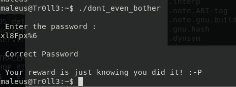 Home folder for maleus contains a dont_even_bother file, it is a 64 bit executable that asks for a password. Using strings on it, to dump all strings contained in the file, indeed seems to dump the password, it seems to easy
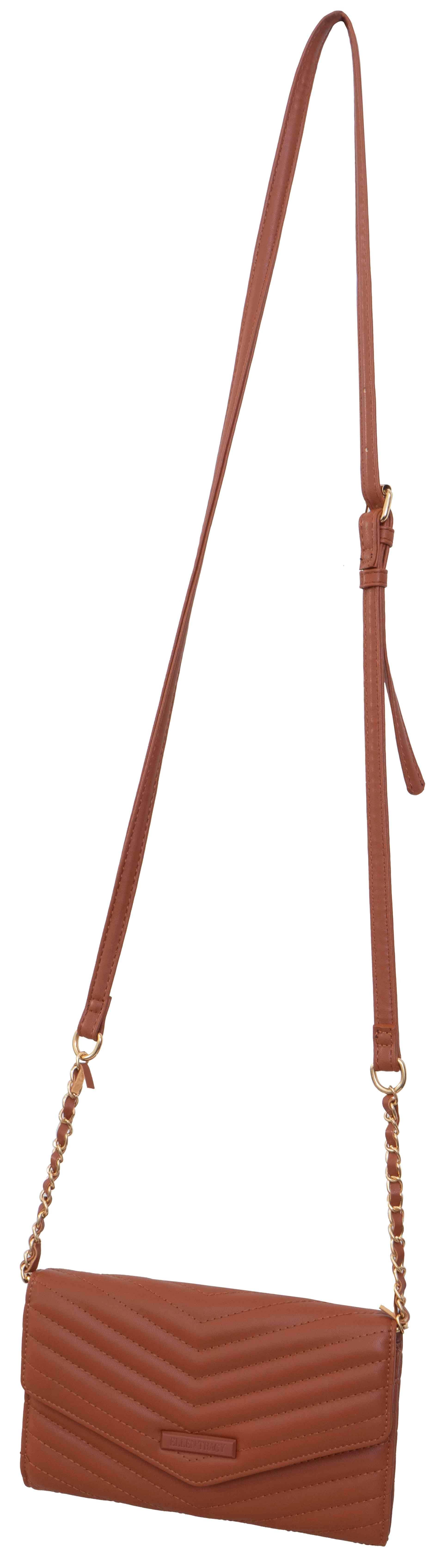 Elevate your evening ensemble with the Ellen Tracy Smooth Chevron Quilted Phone Case & Wallet on Chain Crossbody. This versatile accessory seamlessly combines style and functionality, making it the perfect choice for a sophisticated night out.
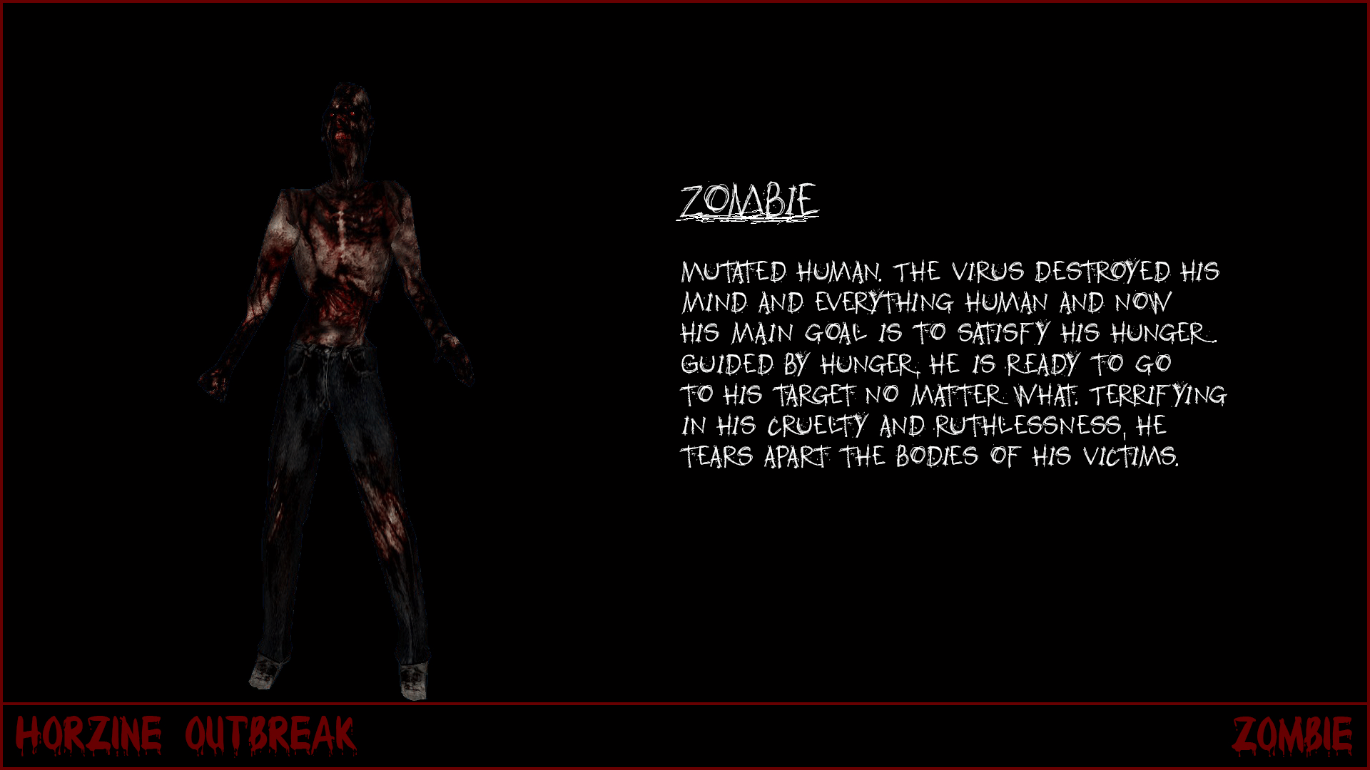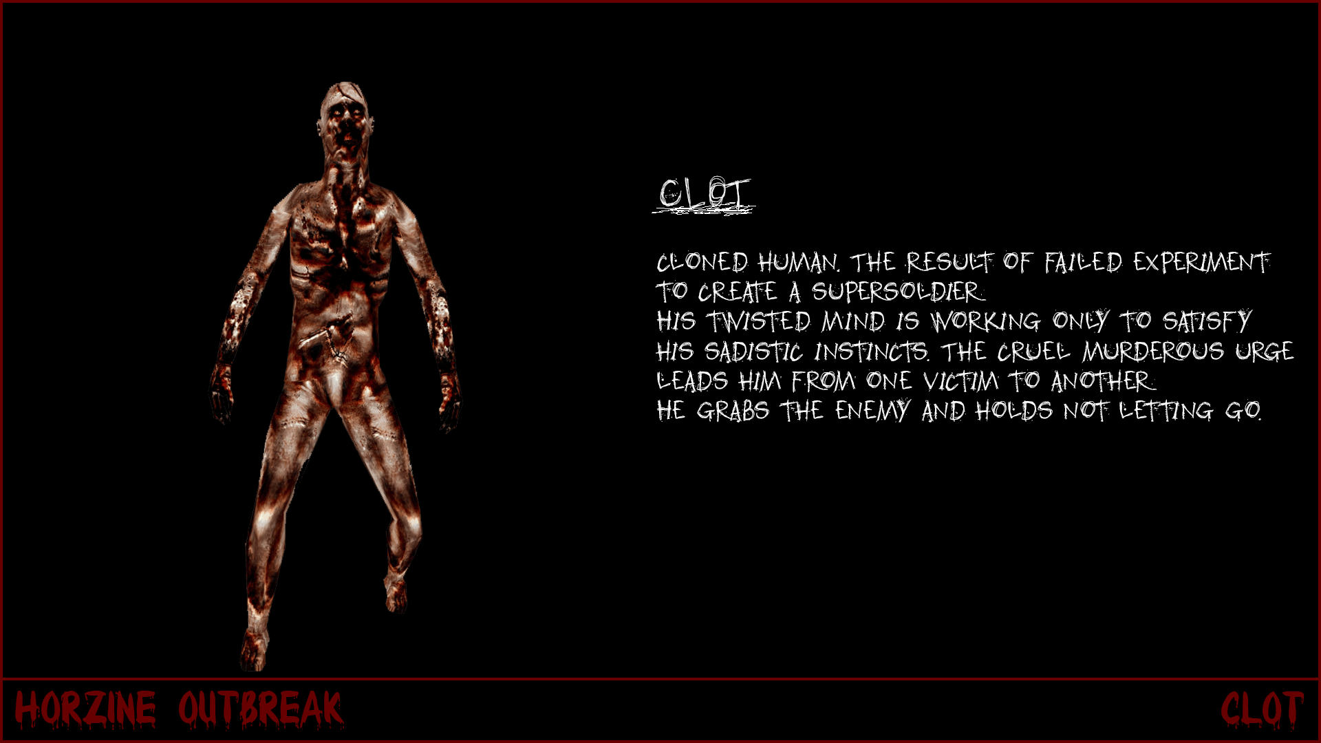 Horzine Outbreak is based on original Killing Floor mod (KFMod) v1.0 for Unreal Tournament 2004 by Alex Quick and tell a story about incident in Horzine Biotech, currently in progress and being made by the last version of Xash3D + XashXT.

┄┄┄┄┄┄

**Work to be completed**: Could you copy the listing exactly, leaving out any pictures?

**Exercise response**:
 Home folder for maleus contains a dont_even_bother file, it is a 64 bit executable that asks for a password. Using strings on it, to dump all strings contained in the file, indeed seems to dump the password, it seems to easy
 Elevate your evening ensemble with the Ellen Tracy Smooth Chevron Quilted Phone Case & Wallet on Chain Crossbody. This versatile accessory seamlessly combines style and functionality, making it the perfect choice for a sophisticated night out.
 Horzine Outbreak is based on original Killing Floor mod (KFMod) v1.0 for Unreal Tournament 2004 by Alex Quick and tell a story about incident in Horzine Biotech, currently in progress and being made by the last version of Xash3D + XashXT.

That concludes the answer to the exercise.